Goal of the exercise:
Every line holding the string "This" is to be copied from the entries below.

(Data entries)

######

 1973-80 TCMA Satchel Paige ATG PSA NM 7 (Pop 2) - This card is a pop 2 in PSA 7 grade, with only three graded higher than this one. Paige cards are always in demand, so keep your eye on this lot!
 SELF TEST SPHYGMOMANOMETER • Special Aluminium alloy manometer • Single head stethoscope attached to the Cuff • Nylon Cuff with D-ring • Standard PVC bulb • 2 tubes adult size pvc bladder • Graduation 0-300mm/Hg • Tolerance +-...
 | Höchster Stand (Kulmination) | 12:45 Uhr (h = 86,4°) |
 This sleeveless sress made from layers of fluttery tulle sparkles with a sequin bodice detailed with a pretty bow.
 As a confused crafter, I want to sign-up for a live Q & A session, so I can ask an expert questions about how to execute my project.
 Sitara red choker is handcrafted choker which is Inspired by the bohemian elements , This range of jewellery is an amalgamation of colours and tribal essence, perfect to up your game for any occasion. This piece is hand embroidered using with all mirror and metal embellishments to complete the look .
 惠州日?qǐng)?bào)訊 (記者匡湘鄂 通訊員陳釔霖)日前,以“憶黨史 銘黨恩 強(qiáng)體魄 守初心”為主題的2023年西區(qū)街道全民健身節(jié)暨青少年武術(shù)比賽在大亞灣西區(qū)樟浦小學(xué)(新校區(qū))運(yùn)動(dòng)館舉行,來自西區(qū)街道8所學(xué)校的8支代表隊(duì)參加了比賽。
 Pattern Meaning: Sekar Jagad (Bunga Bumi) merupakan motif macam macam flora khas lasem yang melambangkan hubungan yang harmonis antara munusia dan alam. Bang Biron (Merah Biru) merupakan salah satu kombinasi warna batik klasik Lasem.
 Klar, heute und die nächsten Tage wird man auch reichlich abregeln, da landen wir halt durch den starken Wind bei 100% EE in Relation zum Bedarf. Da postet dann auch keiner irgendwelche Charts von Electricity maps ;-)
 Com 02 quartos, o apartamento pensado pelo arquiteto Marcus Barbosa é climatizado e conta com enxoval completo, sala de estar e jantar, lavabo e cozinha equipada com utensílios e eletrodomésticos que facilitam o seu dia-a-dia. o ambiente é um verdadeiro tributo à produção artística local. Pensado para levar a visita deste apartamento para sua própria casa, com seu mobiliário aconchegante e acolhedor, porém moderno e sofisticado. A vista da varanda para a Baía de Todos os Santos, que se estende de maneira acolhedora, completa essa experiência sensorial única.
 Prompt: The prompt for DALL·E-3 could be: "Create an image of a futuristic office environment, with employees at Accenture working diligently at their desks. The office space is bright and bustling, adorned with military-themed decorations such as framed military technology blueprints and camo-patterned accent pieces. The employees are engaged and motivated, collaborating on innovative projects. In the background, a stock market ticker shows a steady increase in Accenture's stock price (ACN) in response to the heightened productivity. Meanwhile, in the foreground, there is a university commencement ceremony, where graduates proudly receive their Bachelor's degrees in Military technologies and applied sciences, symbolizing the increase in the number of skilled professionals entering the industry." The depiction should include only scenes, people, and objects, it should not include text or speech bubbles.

######

Problem solution:
 1973-80 TCMA Satchel Paige ATG PSA NM 7 (Pop 2) - This card is a pop 2 in PSA 7 grade, with only three graded higher than this one. Paige cards are always in demand, so keep your eye on this lot!
 This sleeveless sress made from layers of fluttery tulle sparkles with a sequin bodice detailed with a pretty bow.
 Sitara red choker is handcrafted choker which is Inspired by the bohemian elements , This range of jewellery is an amalgamation of colours and tribal essence, perfect to up your game for any occasion. This piece is hand embroidered using with all mirror and metal embellishments to complete the look .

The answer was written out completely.